** Opening INFORMATION block **

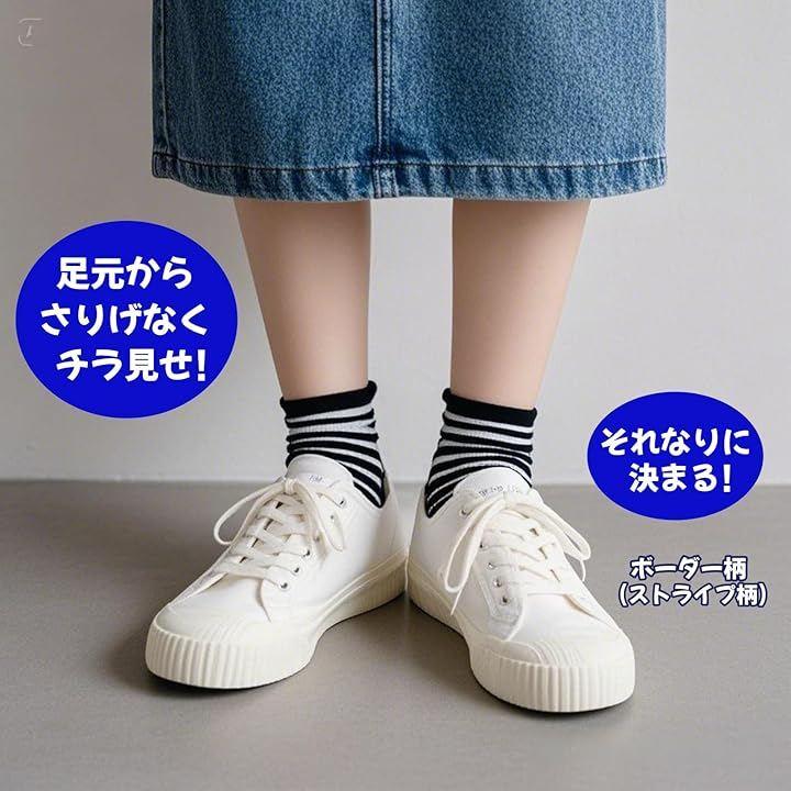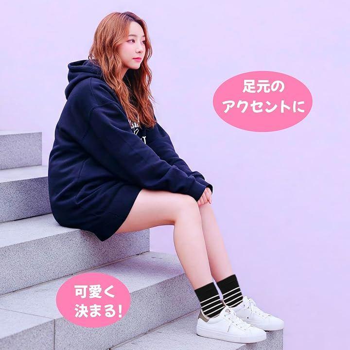 黒と白のストライプ柄のソックスはデザイン違いの2足組なので、その日の気分や服装に合わせて使い分けが出来て、パンツと靴との間のアクセントに。チラ見せするだけでさりげなく、おしゃれをアピール。可愛く決まる。
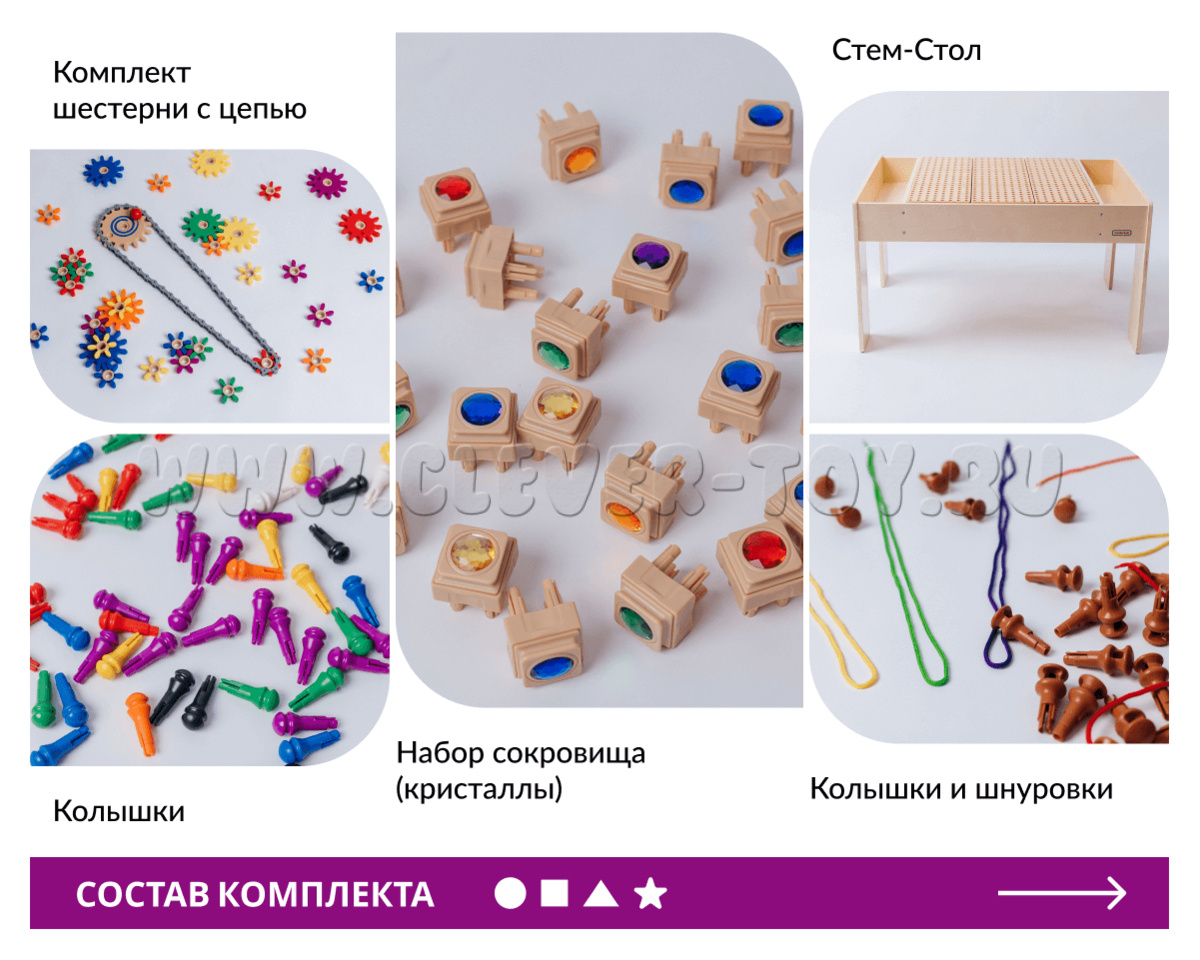 STEAM - стол комплектуется методикой, с достаточным количеством упражнений, охватывающих большое количество образовательных областей.
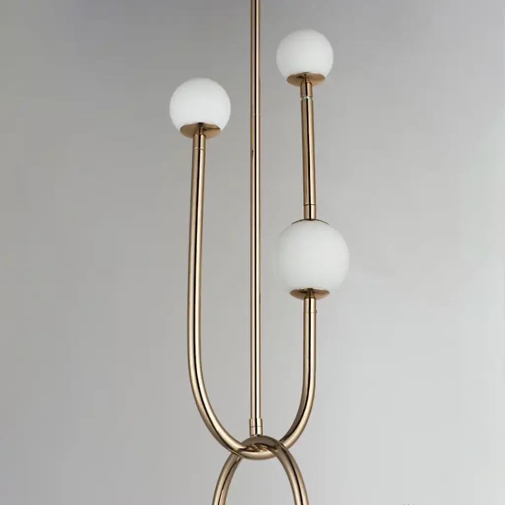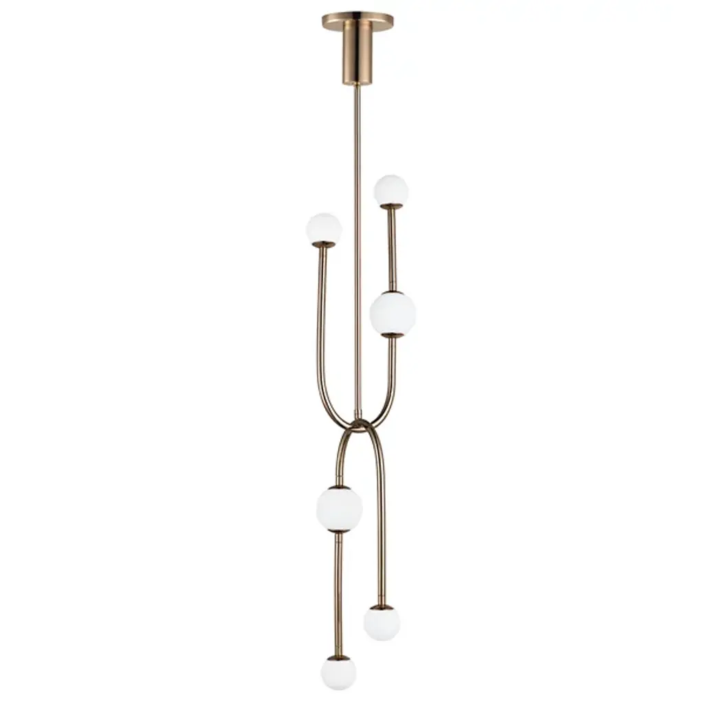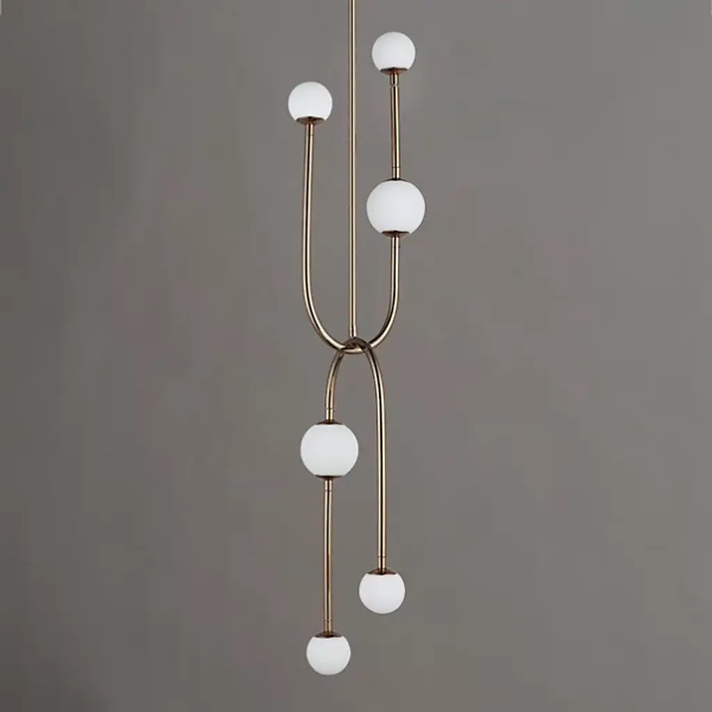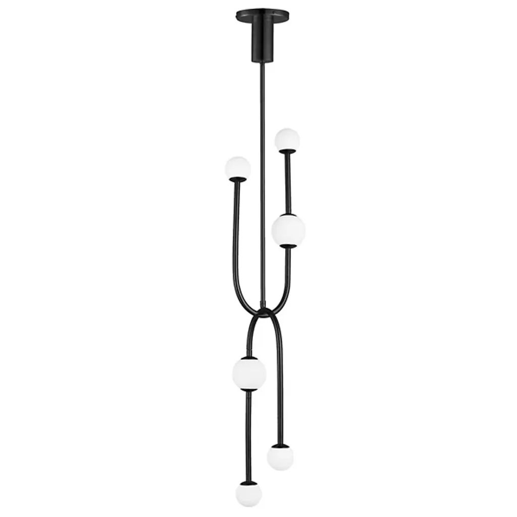 The Alina LED Pendant was designed by Nina Magon for Studio M. The intention was to manifest a style of lighting that adorns a room like fine jewelry. Boasting a mid-century modern silhouette, a curving metallic structure with figurative pearls of white opal glass has been suspended from a metallic stem and canopy. This contemporary piece can be placed in damp locales like a covered patio or entryway and all standard dry interiors, thus offering even further appeal to an already stunning item.
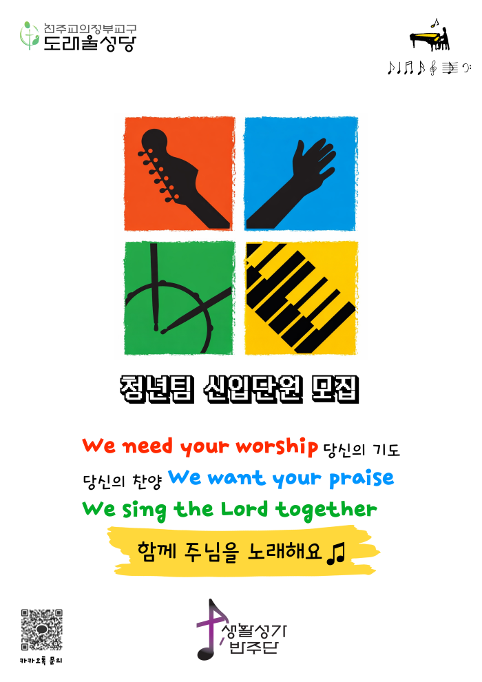 생활성가반주단 청년 봉사자를 모집 합니다.
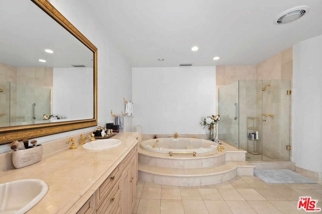Nestled in the coveted, gated community of Fremont Place, this residence is surrounded by stately homes and lush gardens. Elevated above street level, the home boasts a commanding presence and majestic curb appeal. Step through the dramatic entrance into the elegant formal living and dining rooms, perfect for hosting refined gatherings. The large, wood-paneled family room flows seamlessly into the garden and inviting pool area, creating an ideal setting for indoor-outdoor living. Each of the five generously-sized bedrooms features its own ensuite bathroom, with an additional bathroom on the landing, bringing the total to six. The open-plan kitchen is a chef's dream, equipped with both electric and gas stovetops to accommodate any culinary adventure. The four-car garage offers direct access to the property, ensuring added security and convenience, while the expansive motor court provides ample parking for guests. Discover the perfect blend of luxury, comfort, and style in this exceptional home, set in one of the most desirable locations within Fremont Place.
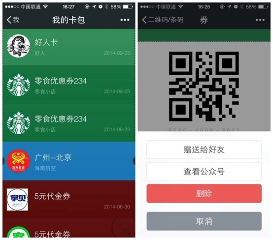 此外,微信还在卡包的礼品卷功能中提供了卡券转让服务,用户可以将自己的优惠券和礼品券转让给好友。微信的卡包更像是一个虚拟钱包。用户可以在卡包中管理自己的银行卡、会员卡和登机牌。
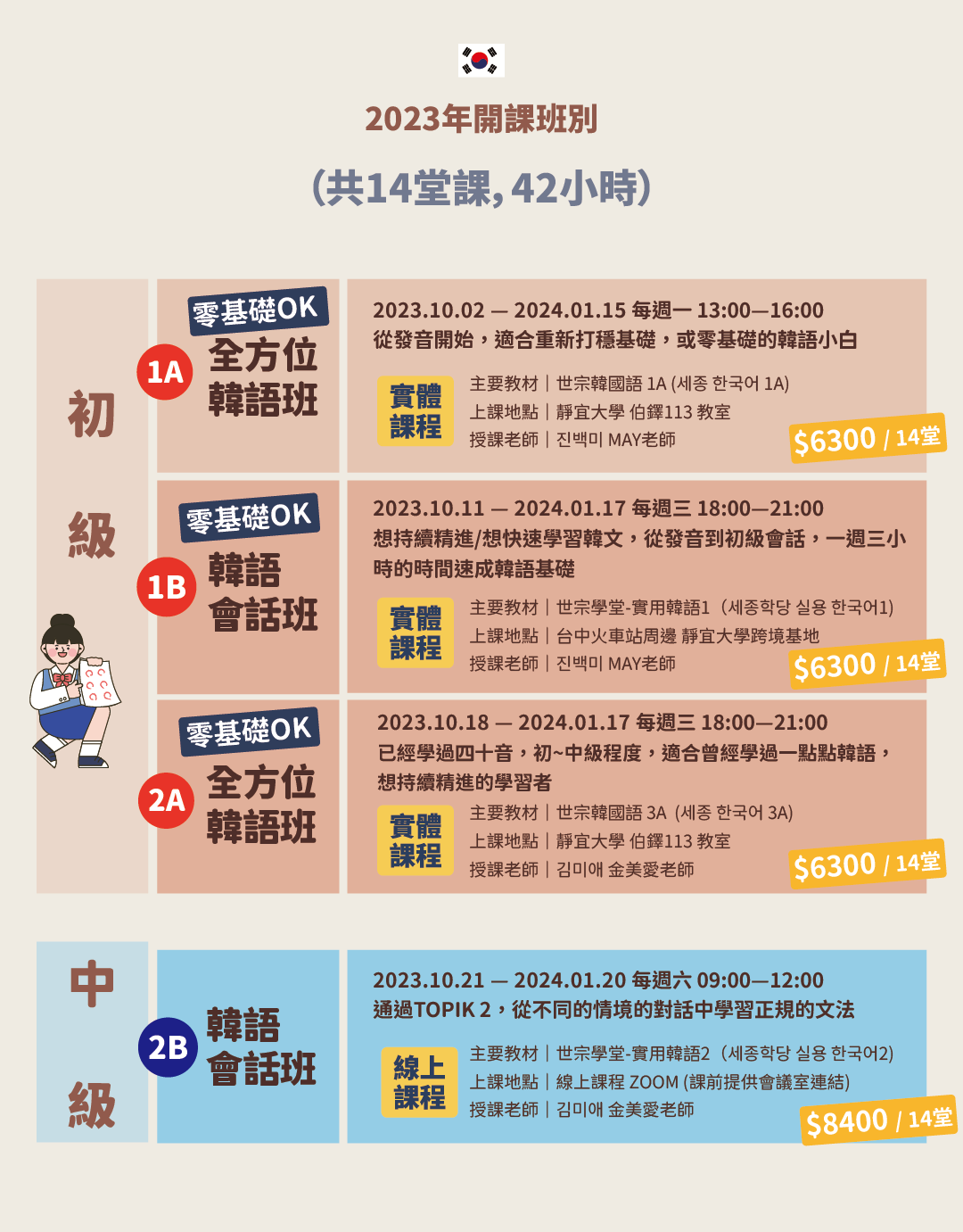 零基礎的同學們毫無懸念的 直上『 1A 初級全方位韓語班』、『 1B 初級韓語會話班』就對了!
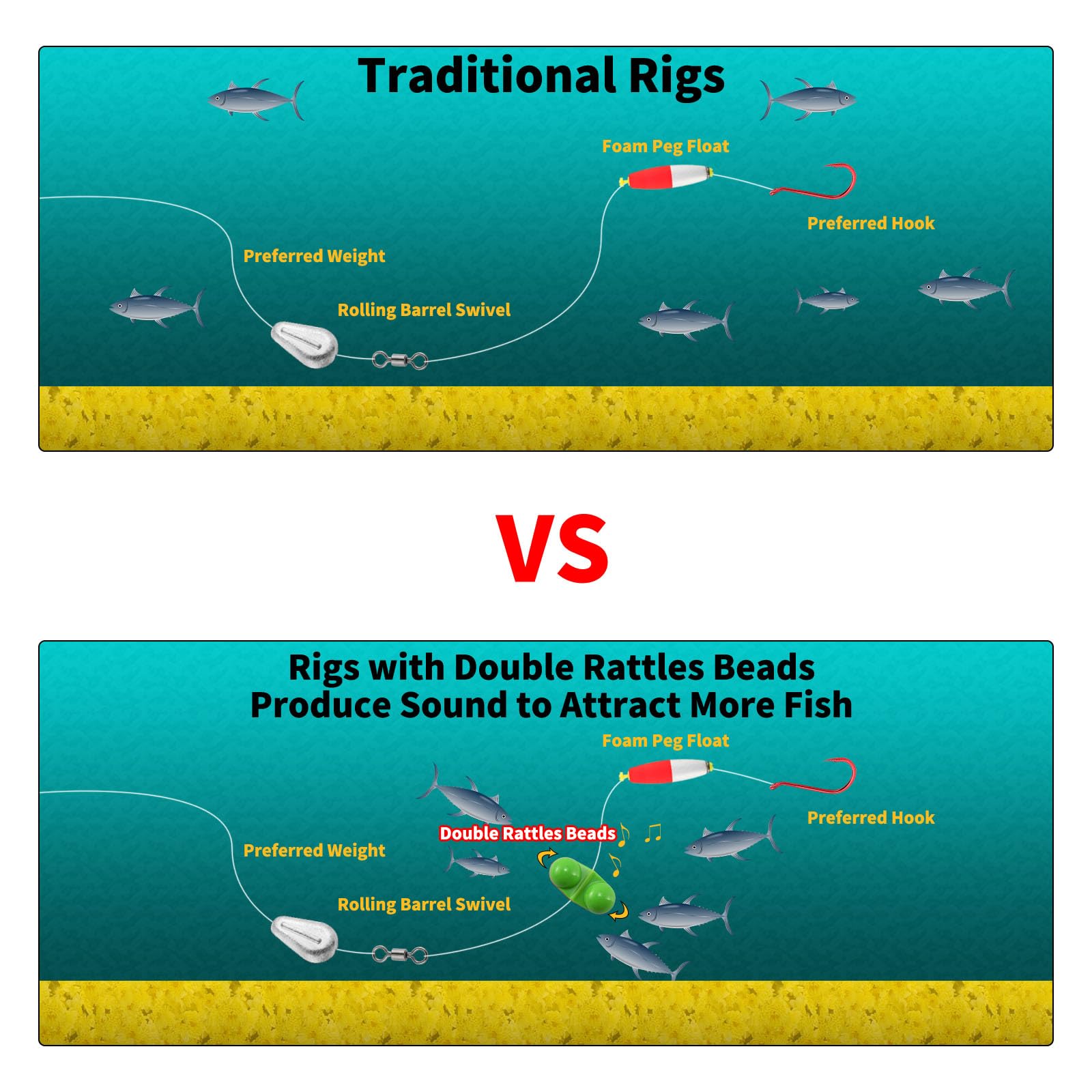 - 【Catch More Fish】 Double rattles beads are especially suitable for making catfish rig and other rigs. Compared to rigs that do not produce sound, rigs with double rattles beads that produce sound to attract more fish.

** Closing INFORMATION block **

WHAT IS EXPECTED
Exactly restate the lines from the one holding "此外,微信还在卡包的礼品卷功" to the final line of the records above, including both and excluding pictures.

SOLVED PROBLEM
 此外,微信还在卡包的礼品卷功能中提供了卡券转让服务,用户可以将自己的优惠券和礼品券转让给好友。微信的卡包更像是一个虚拟钱包。用户可以在卡包中管理自己的银行卡、会员卡和登机牌。
 零基礎的同學們毫無懸念的 直上『 1A 初級全方位韓語班』、『 1B 初級韓語會話班』就對了!
 - 【Catch More Fish】 Double rattles beads are especially suitable for making catfish rig and other rigs. Compared to rigs that do not produce sound, rigs with double rattles beads that produce sound to attract more fish.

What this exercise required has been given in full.